This cradle is composed of two steel bars, about a foot apart, that are held rigid by tackle and wire braces. You climb to it (after emptying your pockets) by a swinging ladder, none too secure, and, seated here, look down as from the dome of a circus tent. On a line with you are other cradles, where your partners are coolly preparing to do things. You glance across at them anxiously, then down at the net, which seems a long way beneath.

"Better put some rosin on your hands," sings out Potter from the ground, where he is arranging the "mechanic" lines.

"It's in that little bag on the wire," calls the boy from his perch. "Rub it along your wrists, too; we'll ketch better."

H'm! We will, eh? I do as I am told, and realize that even the trifling movement to get this rosin-bag involves a certain peril.

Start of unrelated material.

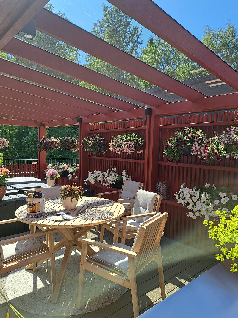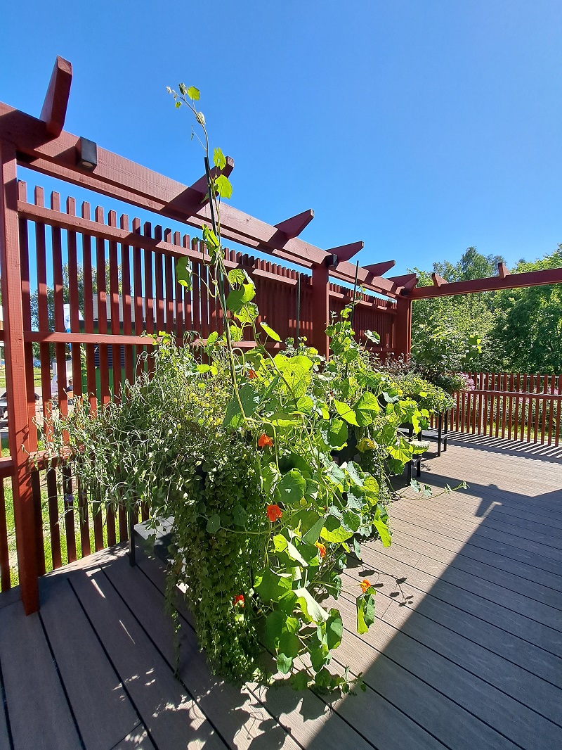 Kukkivilla ja hyötykasveilla saadaan lisättyä viihtyisyyttä terasseilla, kuten tässä kohde 6 Villa Aurinkotuulessa.
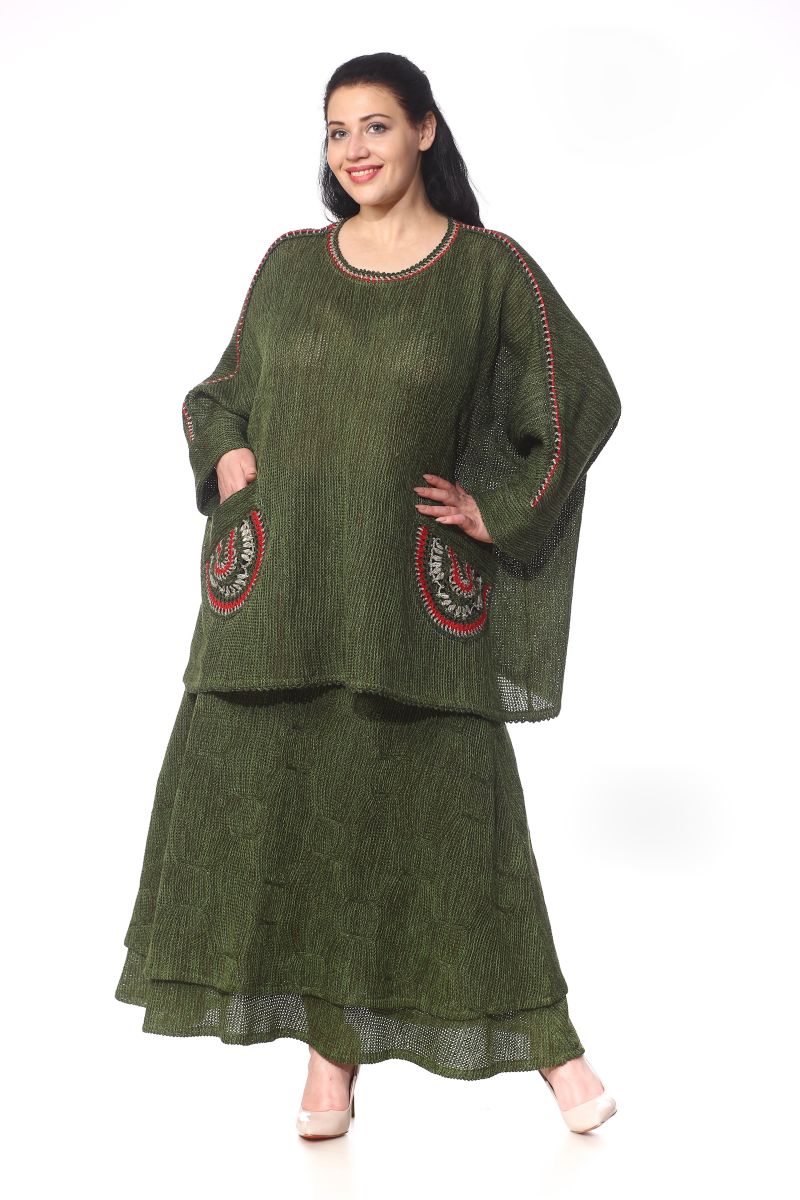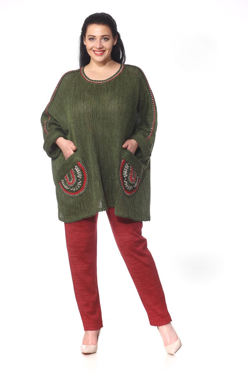 Описание: Туника свободного силуэта, с карманами, отделка крючок, трикотаж, 58 размер 75см, рукав 56см.

"Now lean back," comes the word; "catch one bar in the crotch of your knees and brace your feet under the other. That's right. Hang 'way down. Stretch your arms out, and when I say, 'Now,' pull up and reach for the 'kid' – you'll see him coming."

Sure enough, although the blood was in my head, I could see over there Tom Potter's red shirt and the boy's blue one as they poised for the swing. Then Tom's body dropped back, and he swept the lad at full arm's length, through a half circle, and let him go head first, cutting the air, straight at me.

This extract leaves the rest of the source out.